THE INPUT »

..........

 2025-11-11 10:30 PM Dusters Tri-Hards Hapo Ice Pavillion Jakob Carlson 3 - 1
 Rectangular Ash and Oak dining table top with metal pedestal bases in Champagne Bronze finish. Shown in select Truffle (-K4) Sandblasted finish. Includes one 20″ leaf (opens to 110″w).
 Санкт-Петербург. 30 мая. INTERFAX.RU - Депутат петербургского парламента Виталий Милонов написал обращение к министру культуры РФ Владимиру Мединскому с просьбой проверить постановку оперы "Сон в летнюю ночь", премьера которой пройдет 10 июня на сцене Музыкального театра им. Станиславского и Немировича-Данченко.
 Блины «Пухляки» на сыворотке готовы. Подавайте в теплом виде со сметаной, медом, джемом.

..........

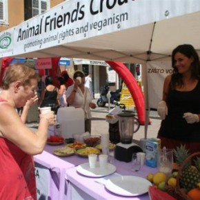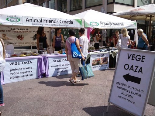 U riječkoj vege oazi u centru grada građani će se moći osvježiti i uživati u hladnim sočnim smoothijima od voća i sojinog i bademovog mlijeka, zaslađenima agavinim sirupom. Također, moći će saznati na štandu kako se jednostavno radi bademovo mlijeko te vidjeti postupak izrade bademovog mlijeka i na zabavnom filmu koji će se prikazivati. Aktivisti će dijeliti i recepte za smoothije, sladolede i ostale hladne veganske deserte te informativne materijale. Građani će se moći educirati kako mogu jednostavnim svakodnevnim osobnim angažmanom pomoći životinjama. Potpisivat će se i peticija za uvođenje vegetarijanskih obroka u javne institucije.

..........

YOUR TASK » Could you reproduce exactly the lines of the entries above, from the one with "Rectangular Ash and" through the one with "сметаной, медом, джемом.", and nothing else?

YOUR RESPONSE »
 Rectangular Ash and Oak dining table top with metal pedestal bases in Champagne Bronze finish. Shown in select Truffle (-K4) Sandblasted finish. Includes one 20″ leaf (opens to 110″w).
 Санкт-Петербург. 30 мая. INTERFAX.RU - Депутат петербургского парламента Виталий Милонов написал обращение к министру культуры РФ Владимиру Мединскому с просьбой проверить постановку оперы "Сон в летнюю ночь", премьера которой пройдет 10 июня на сцене Музыкального театра им. Станиславского и Немировича-Данченко.
 Блины «Пухляки» на сыворотке готовы. Подавайте в теплом виде со сметаной, медом, джемом.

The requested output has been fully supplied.